## WHAT NEEDS TO BE DONE
Give back each entry unchanged, minus pictures.

## GIVEN ENTRIES
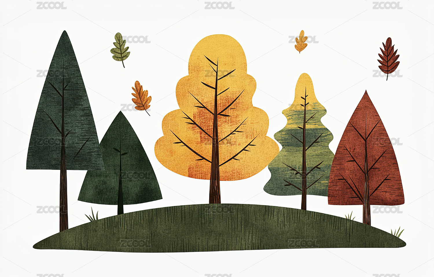 不同种类树木的卡通插画
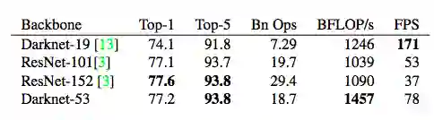 这个新网络比Darknet19强大得多,而且比ResNet-101或ResNet-152更高效。以下是在ImageNet上的结果:
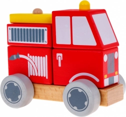 La base con due pioli e i pezzi colorati permettono ai bambini di assemblare facilmente il proprio camioncino dei pompieri e allenare la motricità fine.
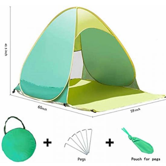 Pop-up design-Easy to install and fold: Automatically pops out, no need to assemble in 3 seconds. The beach shade comes in a carry bag, so it's easy to set up and fold. Quickly set up and fold to give you more time to relax on the beach with your friends and family. UPF 50+ Sunscreen: Made of 190T silver-plated fabric, this baby beach tent protects you and your kids on the beach from harmful sun rays all day long. Also, the waterproof fabric design can provide a temporary shelter in the event of light rain, so avoid using the sunshade in heavy rain.
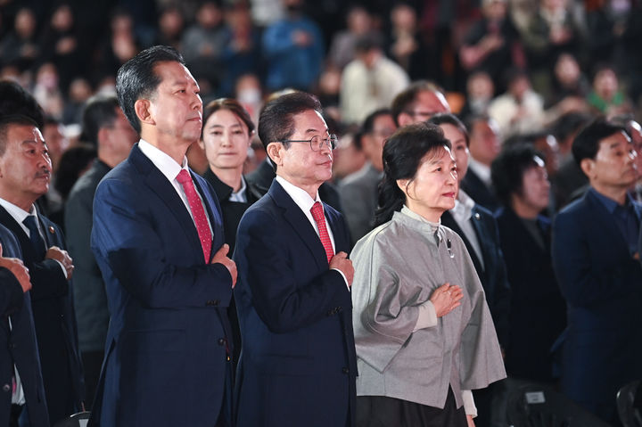[구미=뉴시스] 박홍식 기자 = 박근혜 전 대통령이 14일 경북 구미복합스포츠센터에서 열린 박정희 대통령 탄신 108돌 기념식에서 이철우 경북도지사, 김장호 구미시장과 함께 국민의례를 하고 있다. (사진=구미시 제공) 2025.11.14 [email protected]
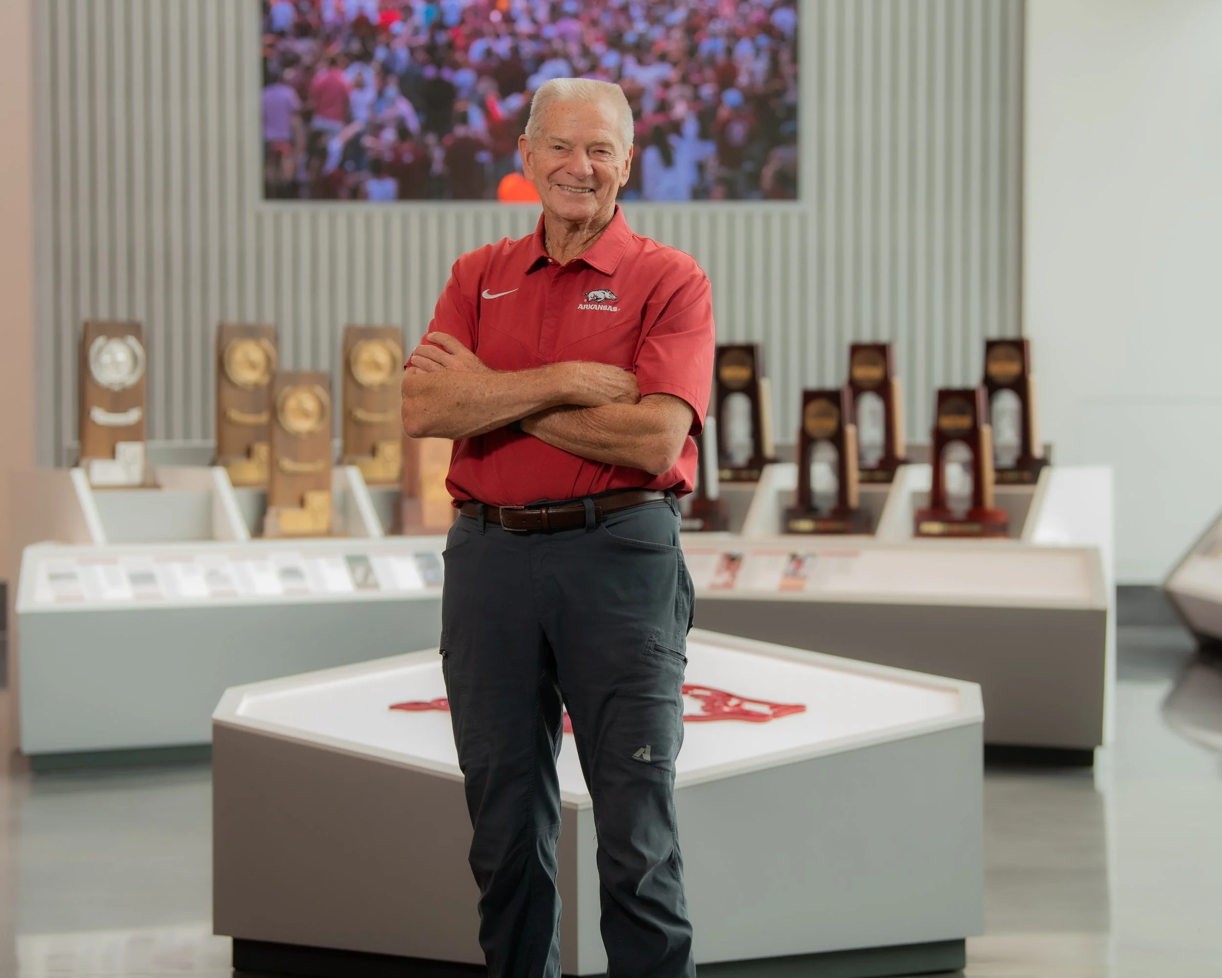 Norm DeBriyn is the winningest coach in the University of Arkansas history, leading the Razorbacks for 33 seasons from 1970 to 2002. He amassed 1161 wins and lead the Hogs to 15 NCAA Tournament appearances and four College World Series appearances, finishing as the runner up in 1979.
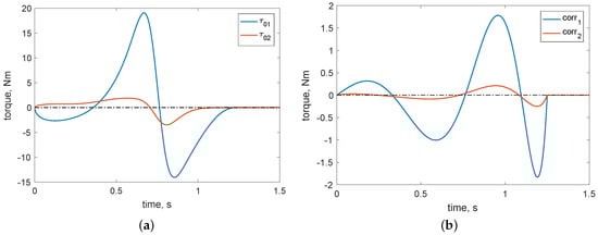 Parabolic trajectory case: (a) reference rigid torques; (b) correction torques.
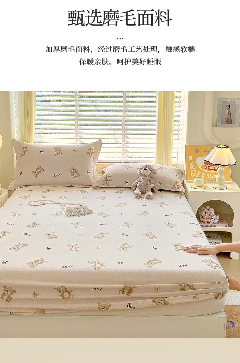 凯磊家纺 2025新款AB版加厚磨毛系列单床笠 小熊童话
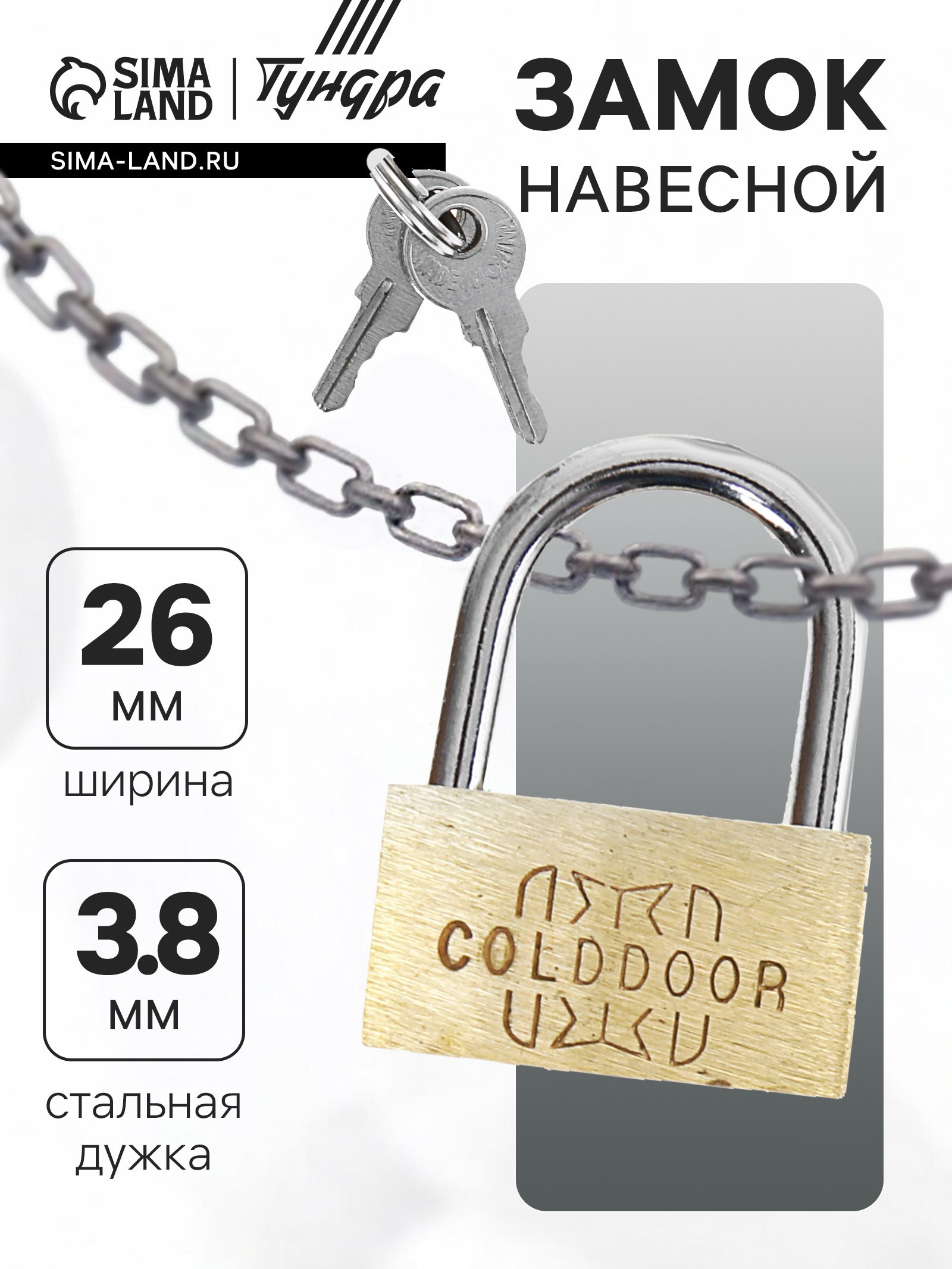 Замок навесной, тип 1, 26x35 мм, 2 ключа, 0.5x2.6x3.5 см., ТУНДРА, Китай
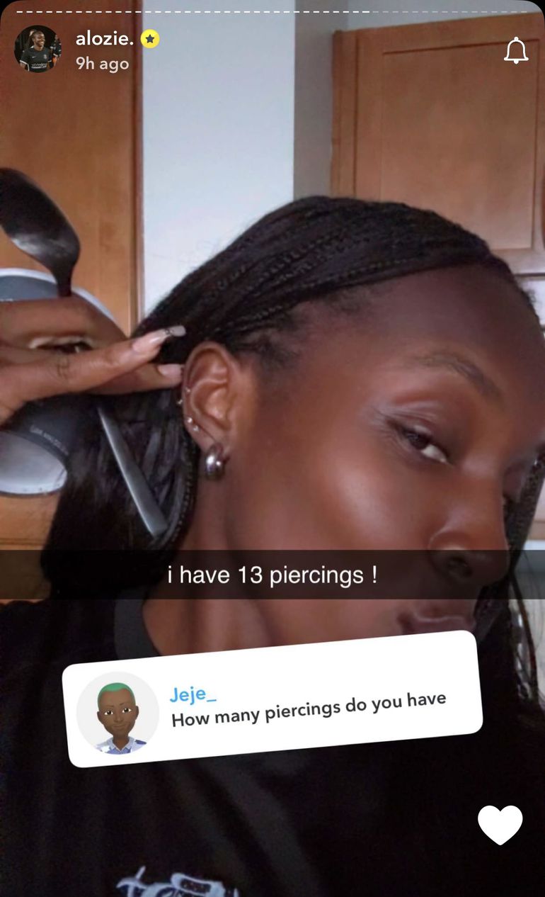 The statement came when a curious fan asked her about her body piercings on Snapchat.
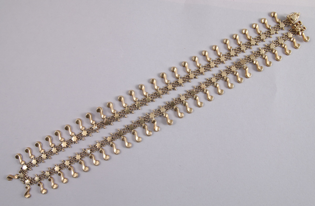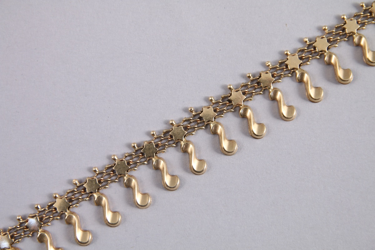 COLLIER en or jaune 18K. Maille articulée à décor d'étoiles de David et pendeloques en console. Travail étranger.
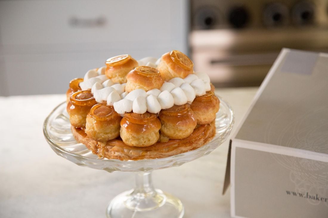 סנט אונורה - עוגה חגיגית עם תחתית בצק עלים, פחזניות במילוי קרם פטיסייר מקורמלות, קרם מוסלין וקצפת וניל.
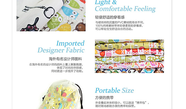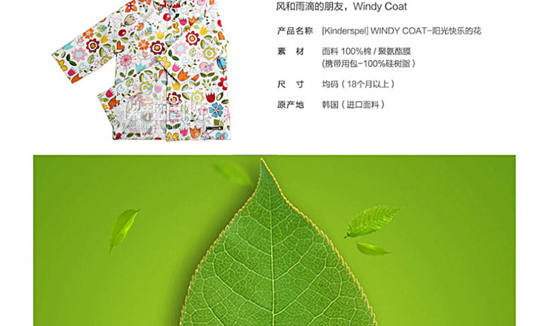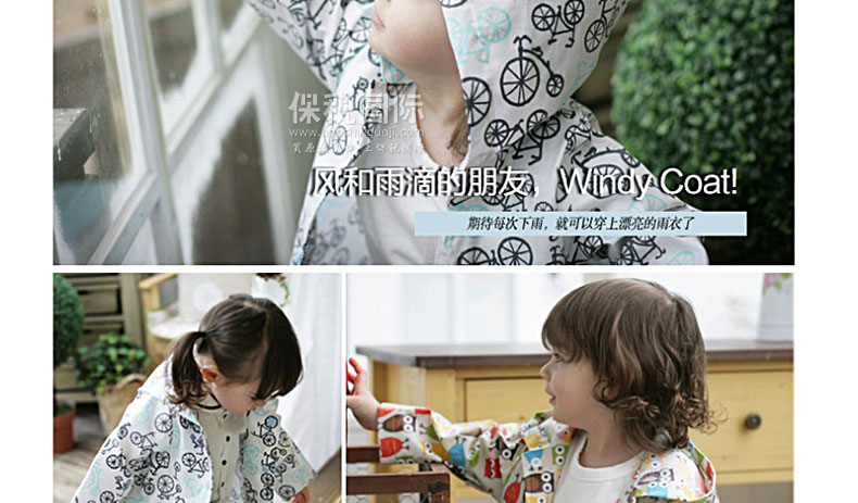 風(fēng)雨中保護(hù)寶寶的時(shí)尚風(fēng)衣 有風(fēng)的日子用作擋風(fēng)衣,下雨的日子用作雨衣,黃沙大的日子用作安心的保護(hù)膜,天氣好的日子用作時(shí)尚外套。 1. 韓國嬰幼兒用品界第一企業(yè)(株)petitelin的品牌。 2. 刮風(fēng)的日子、下雨的日子、黃沙大的日子保護(hù)寶寶。 3. 與硬邦邦的沉重的PVC素材的雨衣不同,100%純棉素材帶來輕便柔軟的穿著感,可以幫助寶寶舒適自由的活動(dòng)。 4. 在海外有名的設(shè)計(jì)師的面料上覆上聚氨酯膜,體現(xiàn)了時(shí)尚的華麗感,同時(shí)更進(jìn)一步提升了功能。 5. 外套疊起來體積很小,可以放進(jìn)“攜帶包”,隨時(shí)隨地都能方便的攜帶和保管。 |

## ANSWER TO THE EXERCISE
 不同种类树木的卡通插画
 这个新网络比Darknet19强大得多,而且比ResNet-101或ResNet-152更高效。以下是在ImageNet上的结果:
 La base con due pioli e i pezzi colorati permettono ai bambini di assemblare facilmente il proprio camioncino dei pompieri e allenare la motricità fine.
 Pop-up design-Easy to install and fold: Automatically pops out, no need to assemble in 3 seconds. The beach shade comes in a carry bag, so it's easy to set up and fold. Quickly set up and fold to give you more time to relax on the beach with your friends and family. UPF 50+ Sunscreen: Made of 190T silver-plated fabric, this baby beach tent protects you and your kids on the beach from harmful sun rays all day long. Also, the waterproof fabric design can provide a temporary shelter in the event of light rain, so avoid using the sunshade in heavy rain.
[구미=뉴시스] 박홍식 기자 = 박근혜 전 대통령이 14일 경북 구미복합스포츠센터에서 열린 박정희 대통령 탄신 108돌 기념식에서 이철우 경북도지사, 김장호 구미시장과 함께 국민의례를 하고 있다. (사진=구미시 제공) 2025.11.14 [email protected]
 Norm DeBriyn is the winningest coach in the University of Arkansas history, leading the Razorbacks for 33 seasons from 1970 to 2002. He amassed 1161 wins and lead the Hogs to 15 NCAA Tournament appearances and four College World Series appearances, finishing as the runner up in 1979.
 Parabolic trajectory case: (a) reference rigid torques; (b) correction torques.
 凯磊家纺 2025新款AB版加厚磨毛系列单床笠 小熊童话
 Замок навесной, тип 1, 26x35 мм, 2 ключа, 0.5x2.6x3.5 см., ТУНДРА, Китай
 The statement came when a curious fan asked her about her body piercings on Snapchat.
 COLLIER en or jaune 18K. Maille articulée à décor d'étoiles de David et pendeloques en console. Travail étranger.
 סנט אונורה - עוגה חגיגית עם תחתית בצק עלים, פחזניות במילוי קרם פטיסייר מקורמלות, קרם מוסלין וקצפת וניל.
 風(fēng)雨中保護(hù)寶寶的時(shí)尚風(fēng)衣 有風(fēng)的日子用作擋風(fēng)衣,下雨的日子用作雨衣,黃沙大的日子用作安心的保護(hù)膜,天氣好的日子用作時(shí)尚外套。 1. 韓國嬰幼兒用品界第一企業(yè)(株)petitelin的品牌。 2. 刮風(fēng)的日子、下雨的日子、黃沙大的日子保護(hù)寶寶。 3. 與硬邦邦的沉重的PVC素材的雨衣不同,100%純棉素材帶來輕便柔軟的穿著感,可以幫助寶寶舒適自由的活動(dòng)。 4. 在海外有名的設(shè)計(jì)師的面料上覆上聚氨酯膜,體現(xiàn)了時(shí)尚的華麗感,同時(shí)更進(jìn)一步提升了功能。 5. 外套疊起來體積很小,可以放進(jìn)“攜帶包”,隨時(shí)隨地都能方便的攜帶和保管。 |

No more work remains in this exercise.